The colorist has shared some technical details via Reddit. [Vimeo] [Via Aravind Krishnaswamy]

Great news for designers: Matthew Richmond joins Adobe

I’ve been a huge fan of Chopping Block and its cofounder Matthew Richmond for as long as I’ve been around the industry. (Actually, that’s not quite right: I used to kinda loathe them for being so, so much better at design than I was!) Therefore I’m thrilled that Matthew has signed on Director of Experience Design at Adobe. For years he’s been a thoughtful & generous sounding board for Photoshop, Illustrator, and many other apps, and I can’t wait to see him apply his creativity & fiendish attention to detail to Adobe’s offerings.

“Turbocharged brainstorming”: What do you think of Adobe LayUp?

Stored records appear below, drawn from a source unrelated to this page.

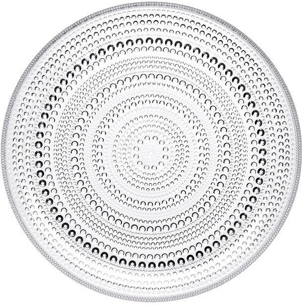 La colección Kastehelmi, diseñada en 1964 por el célebre Oiva Toikka, es un verdadero deleite para quienes se sienten cautivados por la belleza del cristal y valoran los diseños fuera de lo común en su mesa. Con ella, las comidas cotidianas se transforman en una experiencia gastronómica de alta cocina. Kastehelmi significa gota de rocío en finlandés, una inspiración que se hace patente en la creación de esta vajilla única. Las pequeñas burbujas de cristal, distribuidas uniformemente como collares de perlas alrededor de la superficie de los platos, cuencos, copas y candelabros de la colección, les confieren una personalidad inusual que, a pesar de ser absolutamente singular, armoniza maravillosamente con otros juegos de porcelana.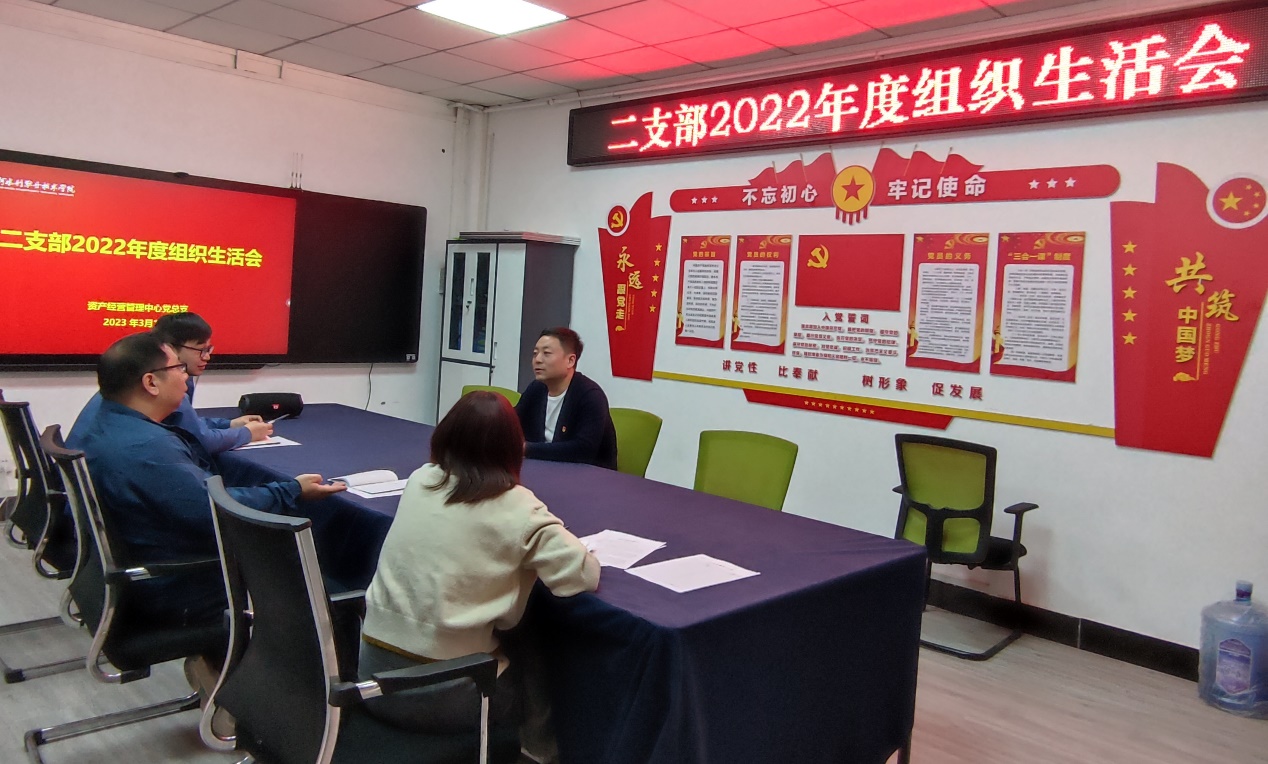 在深入学习贯彻习近平新时代中国特色社会主义思想,全面学习把握党的二十大精神的基础上,3月14日下午14:00,资产经营管理中心党总支二支部召开2022年度组织生活会暨民主评议党员大会,会议由支部书记关震主持。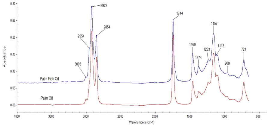 Table 1: Vibration of functional groups in patin fish oil (PFO) and palm oil at certain wavenumbers [20]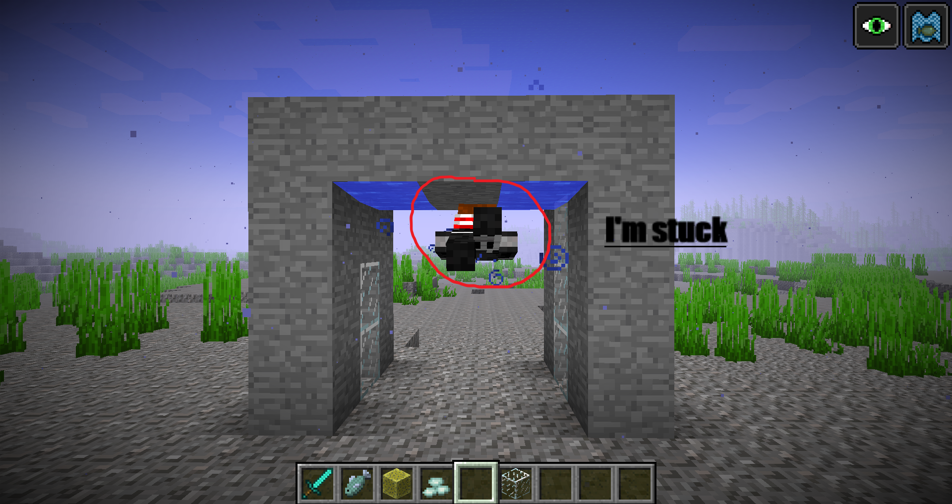 If you swim and what a block is above you. You cannot past you bounce on the spot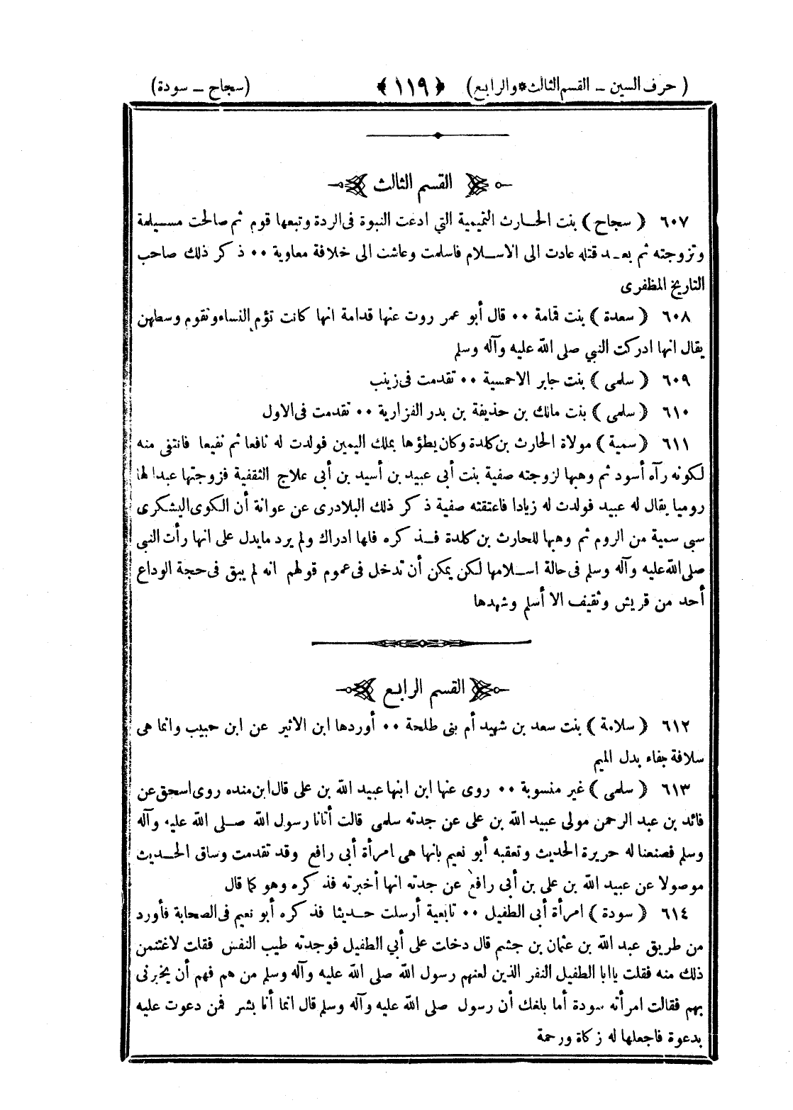 <119> القسم الثالث سجاح بنت الحارث التميمية التي ادعت النبوة في الردة وتبعها قوم ثم صالحت مسيلمة وتزوجته ثم بعد قتله عادت الى الإسلام فأسلمت وعاشت الى خلافة معاوية ذكر ذلك صاحب التاريخ المظفري سعدة بنت قمامة قال أبو عمر روت عنها قدامة أنها كانت تؤم النساء وتقوم وسطهن يقال إنها أدركت النبي صلى الله عليه وسلم سلمى بنت جابر الأحمسية تقدمت في زينب سلمى بنت مالك بن حذيفة بن بدر الفزارية تقدمت في الأول سمية مولاة الحارث بن كلدة وكان يطؤها بملك اليمين فولدت له نافعا ثم نفيعا فانتفى منه لكونه رآه أسود ثم وهبها لزوجته صفية بنت أبي عبيد بن أسيد بن أبي علاج الثقفية فزوجتها عبدا لها روميا يقال له عبيد فولدت له زيادا فأعتقته صفية ذكر ذلك البلاذري عن عوانة ان الكواء اليشكري سبى سمية من الروم ثم وهبها للحارث بن كلدة فذكره فلها إدراك ولم يرد ما يدل على أنها رأت النبي صلى الله عليه وسلم في حالة إسلامها لكن يمكن أن تدخل في عموم قولهم إنه لم يبق في حجة الوداع أحد من قريش وثقيف إلا أسلم وشهدها القسم الرابع سلامة بنت سعد بن شهيد أم بني طلحة أوردها بن الأثير عن بن حبيب وإنما هي سلافة بفاء بدل الميم سلمى غير منسوبة روى عنها بن ابنها عبيد الله بن علي قال بن منده روى إسحاق عن فائد بن عبد الرحمن مولى عبيد الله بن علي مولاه عن جدته سلمى قالت أتانا رسول الله صلى الله عليه وسلم فصنعنا له حريرة الحديث وتعقبه أبو نعيم بأنها هي امرأة أبي رافع وقد تقدمت وساق الحديث موصولا عن عبيد الله بن علي بن أبي رافع عن جدته أنها أخبرته فذكره وهو كما قال سودة امرأة أبي الطفيل تابعية أرسلت حديثا فذكره أبو نعيم في الصحابة فأورد من طريق عبد الله بن عثمان بن خثيم قال دخلت على أبي الطفيل فوجدته طيب النفس فقلت لأغتنمن ذلك منه فقلت يا أبا الطفيل النفر الذين لعنهم رسول الله صلى الله عليه وسلم من هم فهم أن يخبرني بهم فقالت امرأته سودة أما بلغك أن رسول الله صلى الله عليه وسلم قال إنما أنا بشر فمن دعوت عليه بدعوة فاجعلها له زكاة ورحمة §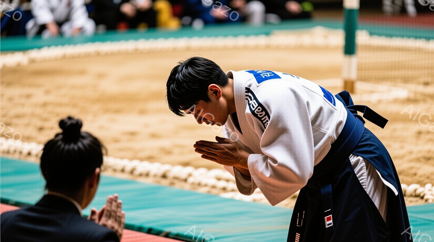 畳の上で柔道着を着た二人の男性が向かい合って礼をしている。片方は白の柔道着、もう片方は濃い青色の柔道着を着用しており、黒色の帯で締めている。背景には観客席が見え、柔道の試合前の厳粛な雰囲気が漂っている。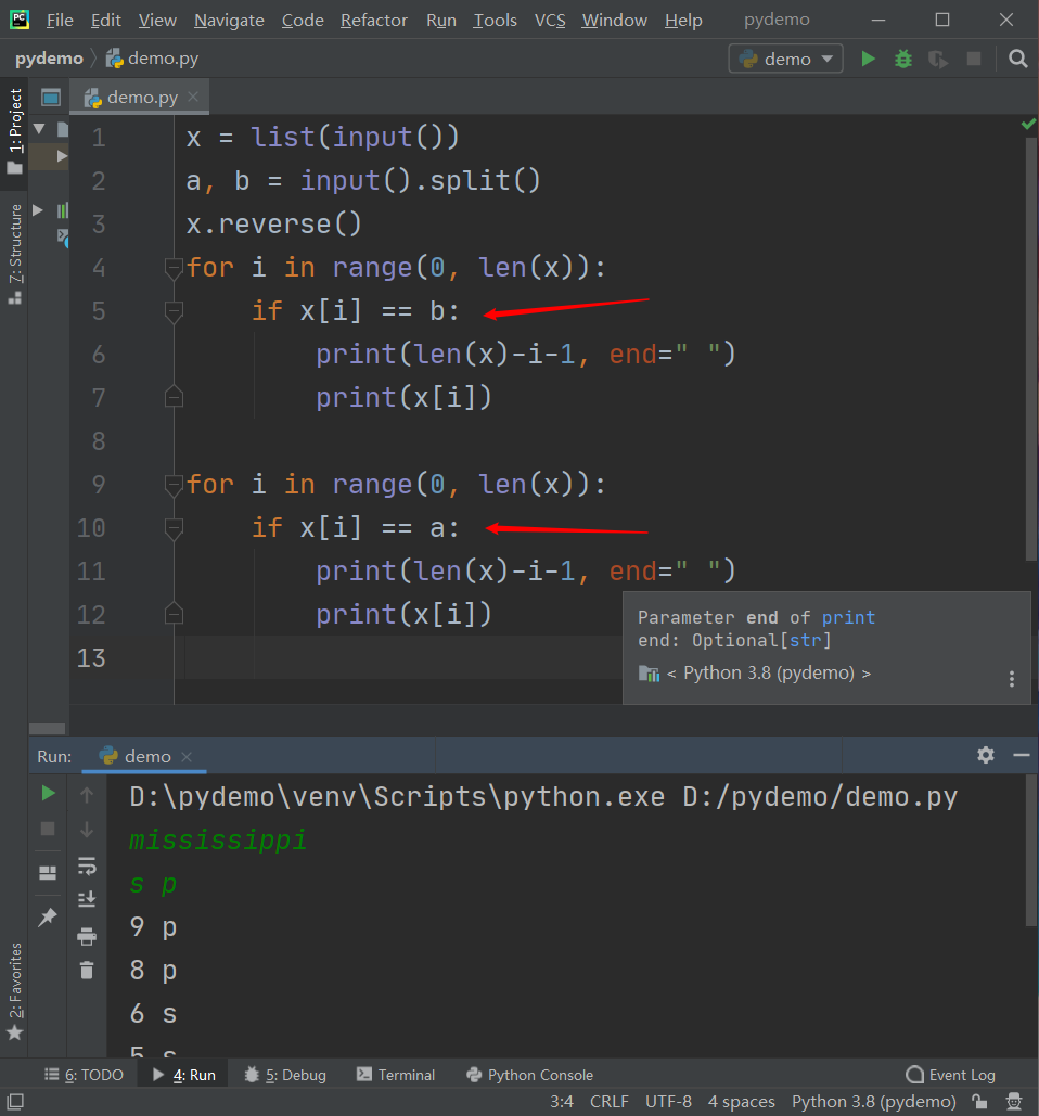 输入一个字符串,再输入两个字符,求这两个字符在字符串中的索引。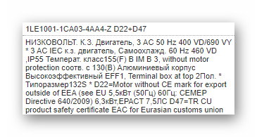 Siemens 1LE1001-1CA03-4AA4-Z D22+D47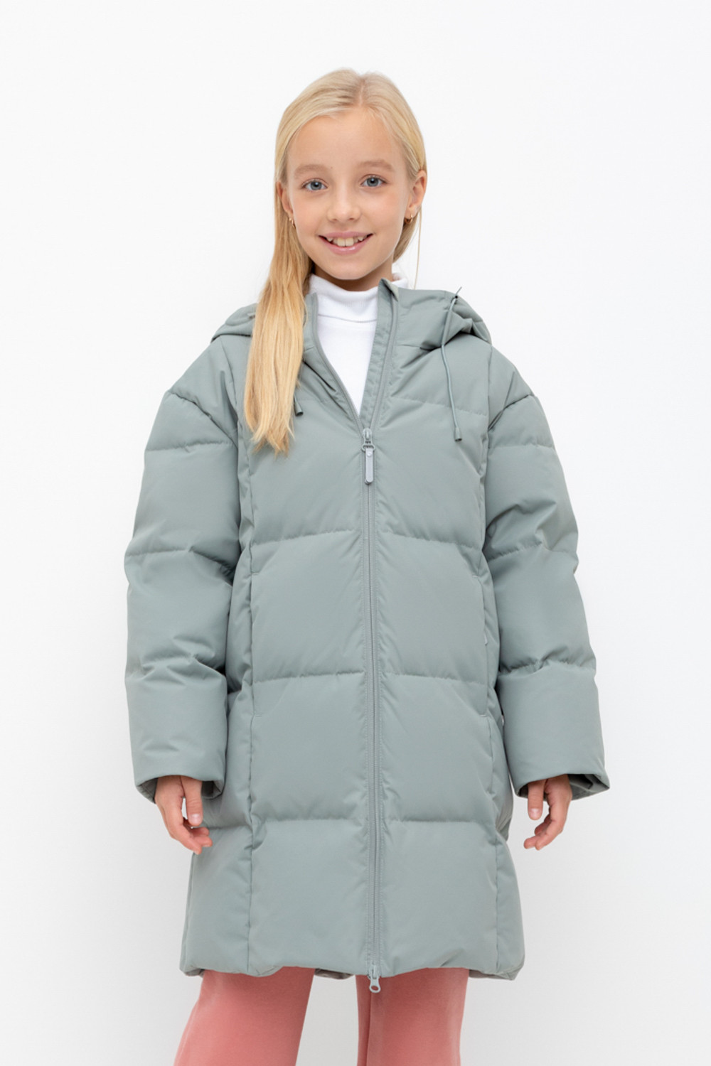 Пальто для девочки с натуральным утеплителем из гипоаллергенного гусиного пуха (70%) и пера (30%). Рекомендованный температурный режим - от -5° до -30°.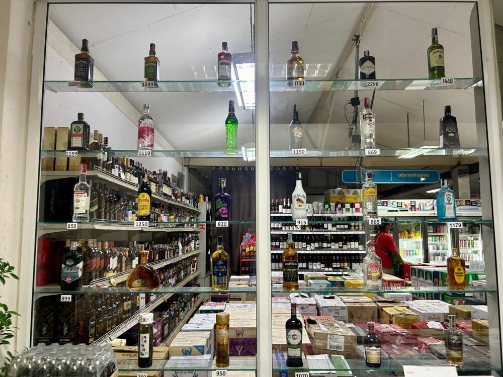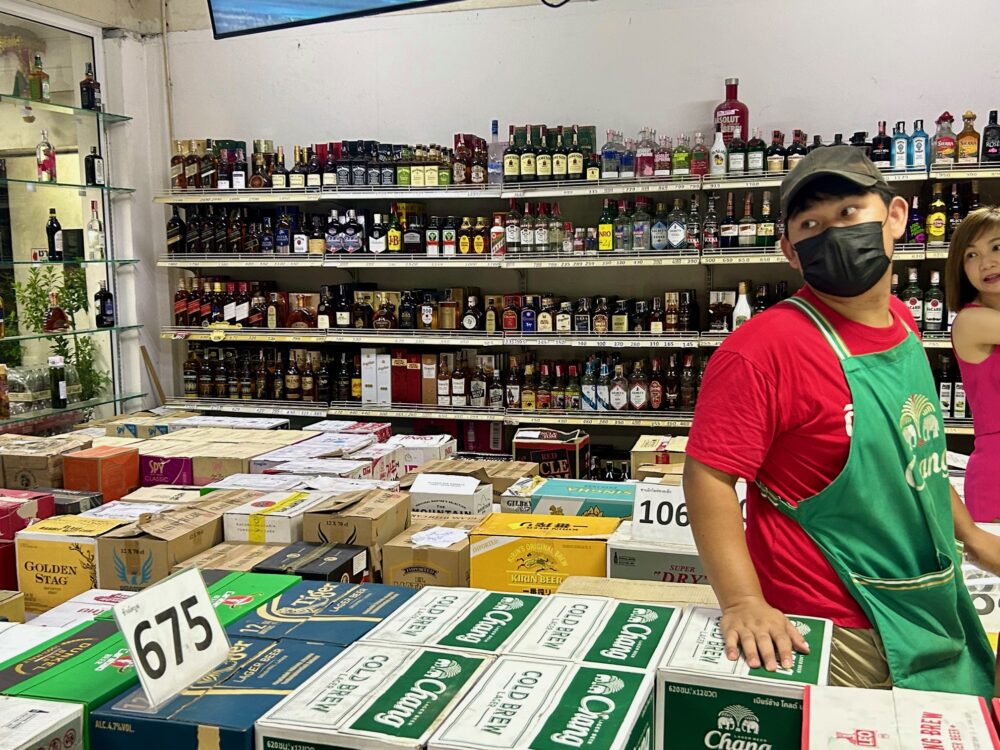 Nainoi Beverage (นายน้อยการสุรา) 卸売りなのに店内外で飲めるスペースあり。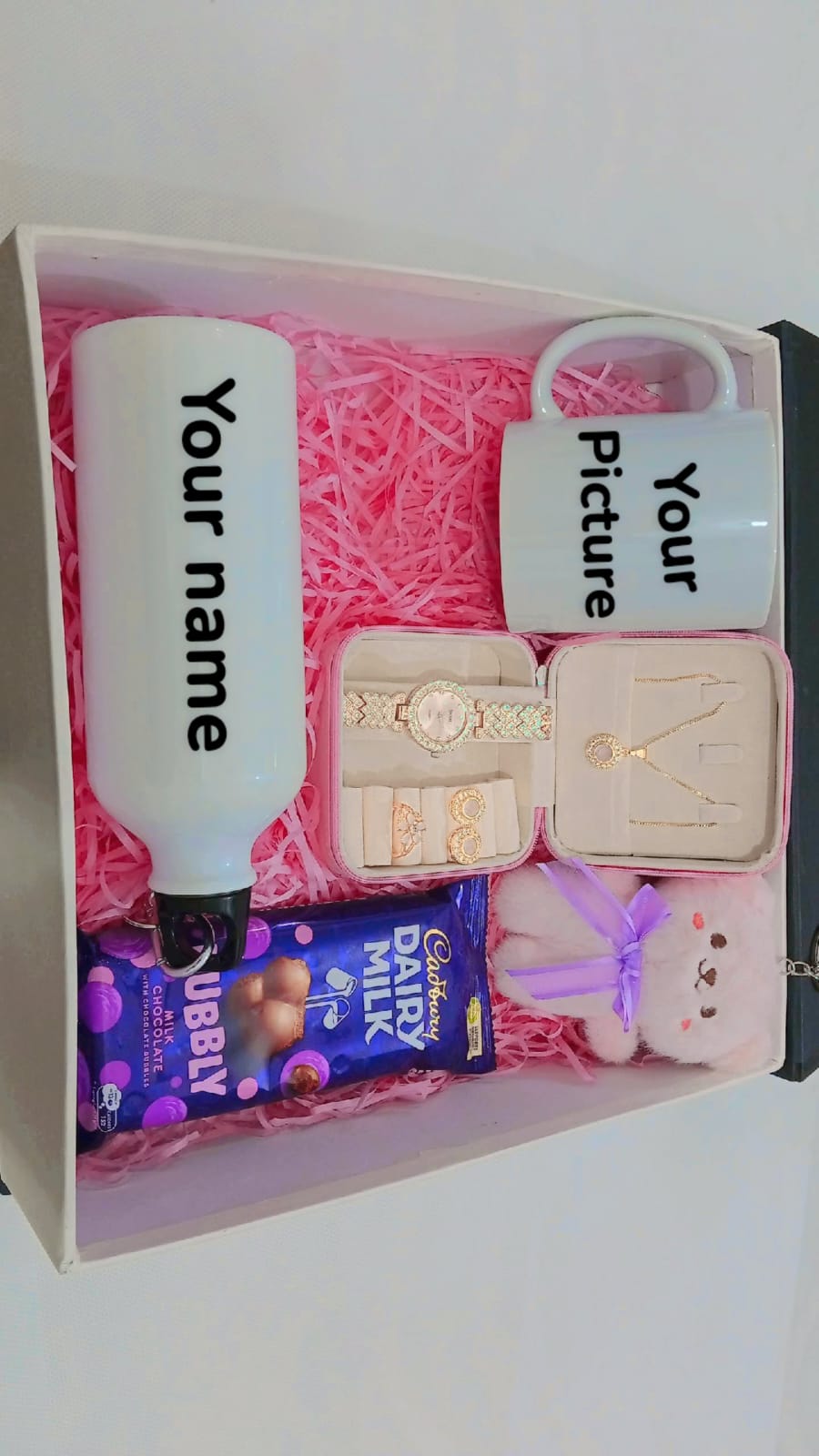 Elevate your gifting with this thoughtfully curated gift box designed for the special women in your life. This premium collection combines elegance and sentiment, featuring a stunning jewelry set that adds sophistication to any ensemble, paired with a charming teddy bear for warmth and comfort. Personalize your gift further with custom engraving on both the mug and bottle, creating meaningful keepsakes she'll treasure daily. Completed with indulgent large chocolate, this comprehensive gift set delivers luxury, personalization, and heartfelt sentiment in one beautifully presented package.

When I first saw Khoi Vinh’s collaborative design app Mixel, I wanted to throw up—from jealousy.

I’d first met Khoi while moderating a Layer Tennis match between him & Nicholas Felton, and at the time I was brainstorming about designers’ needs for tablet apps. “What about ‘Photoshop Volley,'” I asked Khoi, describing a totally non-destructive, cloud-backed design environment centered on playful exchange of ideas & artwork. It turns out he was working on something very similar, so we went off on separate paths. My team ended up building Photoshop Touch (a far more traditional app than I wanted to make), and Mixel launched as much more what I had in mind.

Sadly the app didn’t take off, but Khoi has continued to think about ways for tablets to help designers think & share better. He’s been working with Adobe on a new iPad app call LayUp, letting you make quick sketches that can evolve into styled renderings, and the response looks pretty enthusiastic. Check out some demos:

The sketch-to-shape tech reminds me of (and almost certainly was lifted from) Adobe’s innovative Adobe Proto (for sketching wireframes that turned into real code), the moodboarding aspects recall Adobe Collage—apps that were launched 3 years ago, then summarily executed some months later. Maybe LayUp’s export of native PSD, AI, and InDesign files, its Typekit integration, and its cool history feature will change the game this time.

What do you think? Will LayUp earn a place in your design process?